Описанная только что метафизическая схема зеркально проецируется в сферу гносеологического субъекта. Собственно, «наука незнания» впервые онтологически обосновывает и как бы создает эту сферу. Здесь, в человеческом уме, все моменты описанной схемы не только приобретают характер предположений, но и определяют основные формы и законы этого всеобщего искусства предполагания. Человек, во-первых, привыкает аккуратно отличать себя как познающего субъекта от мира, превосходящего всякую человеческую концепцию этого мира; во-вторых, отличать мир как предмет познания от мира в себе (он проводит границу, которую Кант назовет трансцендентальной)19в-третьих, отличать мир своего знания от предмета, по отношению к которому знание является только предположением и средством дальнейшего познания; в-четвертых, включать в познание предмета анализ и совершенствование средств его познания; в-пятых, видеть в совершенствовании рациональных средств познания, в логическом совершенствовании теоретической системы форму познания сокровенного искусства действия самой природы (аспект, который вслед за Спинозой по-своему доведет до предела Гегель), ведь, налаживая порядок и связь своих идей, мы одновременно уясняем порядок и связь вещей, хотя, как в отличие от Спинозы добавил бы Кузанский, только предположительно.

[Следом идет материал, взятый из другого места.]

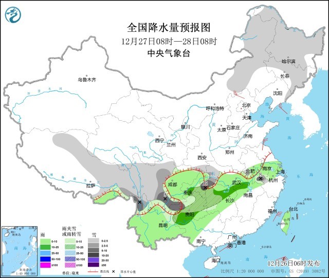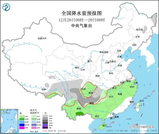 預(yù)計(jì)今天夜間至29日,南方地區(qū)將出現(xiàn)一次雨雪天氣過程,西藏東部、云南北部、川西高原、重慶東南部、貴州、湖南西部、湖北西部、安徽南部、浙江西北部等地將有小到中雪或雨夾雪,貴州中部和東部、湖南西部局地大到暴雪,貴州西部局地有凍雨;四川盆地、云南中南部、湖南南部、江西大部、浙江大部、福建北部以及廣西、廣東北部等地有小雨,局地中雨;主要降水時(shí)段為27日至28日。

Имея в виду нашу основную тему, следует подчеркнуть одно немаловажное обстоятельство. Природа, как она предстает теперь перед нашим мысленным взором, оказывается чем-то логически разнородным, ее нельзя свести в единый образ. Она не охватывается ни натурфилософской идеей творящего духа, ни механической «картиной мира», ни понятием единого предмета, совмещающего в себе предметы разных научных дисциплин, ни образом бесконечной эмпирической реальности. Все это как-то в природе соединено, но для перехода от одного ее понимания к другому каждый раз требуется специфическая работа ума, который, сосредоточиваясь на том или ином ее цельном понимании, порождает различные формы взаимоотношения с ней. Многообразие этих путей понимания природы в Новое время мы и наметили во введении к работе. Посмотрим теперь, какие более конкретные выводы допускает онтологический проект природы Кузанского. Первые и, надо сказать, весьма радикальные выводы делает сам Кардинал. Разумеется, речь должна идти в первую очередь о концепции Вселенной, удивительность и неслыханность, (inaudita) которой Кузанский прекрасно понимает (1.130).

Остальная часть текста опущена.